Joseph received the same time in solitary confinement as Ngoyi due to the ‘state of emergency’ claimed by the Nationalist government after the Sharpeville incident. Joseph had more freedoms during the trial, including access to her own car that she would use to transport herself and other accused who worked locally, whereas others had to be transported in an overfilled bus from the non-white townships they had been sequestered in over fifty miles away. Joseph was found not guilty in 1961 and permitted to return to everyday life.
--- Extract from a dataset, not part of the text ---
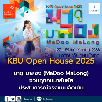 เกษมบัณฑิตเปิดบ้าน ….ชวนน้องๆ มาเปิดใจ มาดู มาลอง EZ Webmaster November 3, 2025 เกษมบัณฑิตเปิดบ้าน ….ชวนน้องๆ มาเปิดใจ มาดู มาลอง KBU Open House 2025 — มาดู มาลอง (MaDoo MaLong) ชวนทุกคนมาสัมผัสประสบการณ์จริงแบบจัดเต็ม องเป็นเชฟ ลองเป็นนักกฎหมาย ลองจัดรายการ ลองสร้างแอปพลิเคชัน ลองวิเคราะห์เกมกีฬา หรือแม้แต่ลองงานสายแฟชั่น ดีไซน์ วิศวะ การบิน และอีกเพียบ วันที่ 27 – 29 พฤศจิกายน 2568 ณ มหาวิทยาลัยเกษมบัณฑิต วิทยาเขตร่มเกล้า มาดู มาลอง ของจริงกับมือ แล้วจะรู้ว่าเส้นทางไหนใช่สำหรับเรา ลงทะเบียนร่วมงานได้ที่ https://forms.gle/Nh1MQ1rhMhYZKAXg7 ลงทะเบียนลองเรียน ลองเล่น ลองเป็นตัวจริง… Continue Reading

After the Treason Trial ended, Joseph began investigating individuals who had been exiled or banished during the Nationalist Party’s reign. Joseph and a few others reached out to them at first through letters, later on going on a tour to give financial aid to the people who had been banished and were barely escaping poverty.[78] This work did not go unnoticed by the government, which responded harshly. After her return from the tour, she was served with the first-ever house arrest in October 1962, to expire 31 October 1967.[79] While other white activists would be served with house arrest later on, Joseph was the only one for an extended period of time, likely due to her public involvement with FSAW and the anti-pass campaigns. Joseph was served with what came to be called ‘twelve-hour house arrest’. She could not leave her home at all on public holidays; she had to remain there from 2:30 pm on Saturday until 6:30 am the following Monday, and had only the twelve hours (6:30 am-6:30 pm) before she had to return home on weekdays. Joseph was prevented from attending any social gatherings and was required to report to the police station every day between midday and 2:00 pm. Failure to report to the police station within the two hours would result in a minimum sentence of twelve months in prison.[80]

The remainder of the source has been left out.